Een project importeren (als een nieuwe module) heeft enige voordelen: u kunt alle bestanden en mappen recursief importeren en de module zal automatisch voor u worden aangemaakt. Dit maakt het importeren van grote bestaande projecten naar de repository gemakkelijker. Er zijn echter ook enkele nedelen: u kunt geen gebruik maken van de importdialoog van Cervisia om bestanden aan bestaande modules toe te voegen en u kunt de bestanden ofwel als tekst of als binaire bestanden importeren. U kunt om de beperkingen heen werken door een map met bestanden van alleen één van deze types aan te maken of door de patronen van de bestanden die genegeerd moeten worden bij het importeren te specificeren.

Veronderstel bijvoorbeeld dat uw project alleen tekstbestanden en enige PNG-afbeeldingen (binaire bestanden) bevat. U kunt CVS vertellen om alle bestanden met het patroon *.png te negeren bij bij het importeren van de andere bestanden als tekst of u kunt de afbeeldingen naar een aparte map verplaatsen en dan de overige bestanden (als tekstbestanden) importeren. Op beide manieren moet u een checkout op de nieuw geïmporteerde module doen naar een nieuwe werkkopie, de ontbrekende bestanden en mappen er naar toe kopiëren, toevoegen en ze vastleggen (commit) in de repository om het proces van importeren te voltooien.

Als een alternatief kunt u de bestanden en mappen handmatig toevoegen, daarmee een lege module voor ze aan te maken. Om een lege module aan een repository toe te voegen, maakt u een nieuwe map aan in de basismap van de CVS repository. De naam van deze nieuwe map is de naam van de module. Checkout de nieuwe lege module. Kopieer daarna de bestanden en mappen naar de werkkopie, voeg toe en leg vast (commit) om ze te uploaden naar de CVS repository.

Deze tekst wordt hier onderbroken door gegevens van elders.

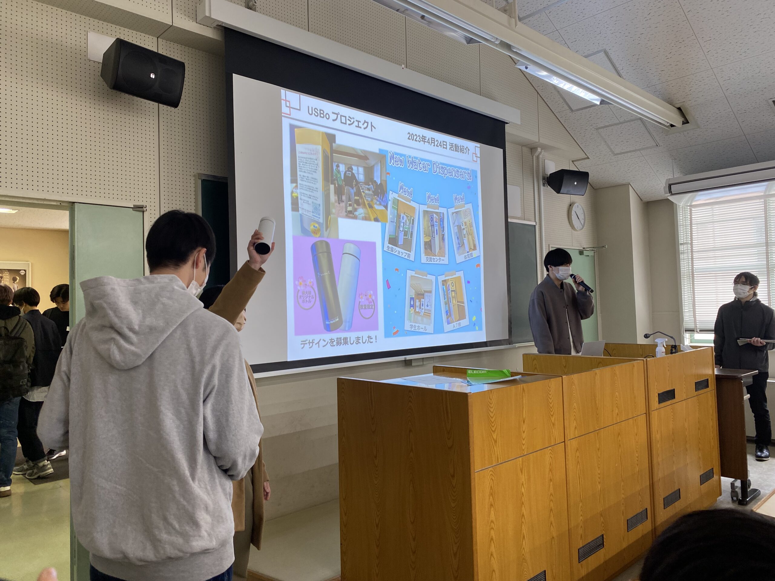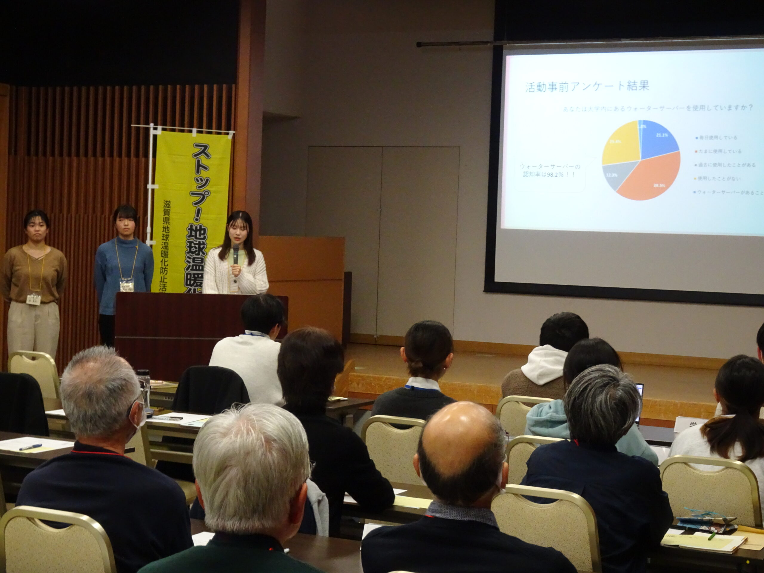 マイボトル持参率向上の取り組みでは、学内でアンケートを実施しマイボトル持参率調査を行いました。結果、滋賀県立大学では毎日、ほぼ毎日マイボトルを持参している学生が6~7割。半々の学生を含めると約8割となり、マイボトルを持って大学へ行くことが脱炭素につながる新しいキャンパスライフ(=新しい生活スタイル)になっています。2年前と比べると、変化は歴然。大学生活において、マイボトルが欠かせないものになっています。

Afbeelding 2.2. Een schermafdruk van Cervisia's import venster

Een schermafdruk van Cervisia's import venster

In Afbeelding 2.2, “Een schermafdruk van Cervisia's import venster” kunt u de dialoog zien die u helpt om een project als een module te importeren. Om toegang te krijgen tot de importdialoog van Cervisia, kiest u het menu-item RepositoryImporteren....

Repository:

Voer de naam van de CVS-repository in of selecteer deze uit het afrolvak. De naam wordt ook wel $CVSROOT genoemd. U moet er schrijftoegang hebben en de repository dient geïnitialiseerd te zijn. Wanneer de repository nog niet bestaat, maak deze dan aan met het kiezen van het menu-item RepositoryAanmaken....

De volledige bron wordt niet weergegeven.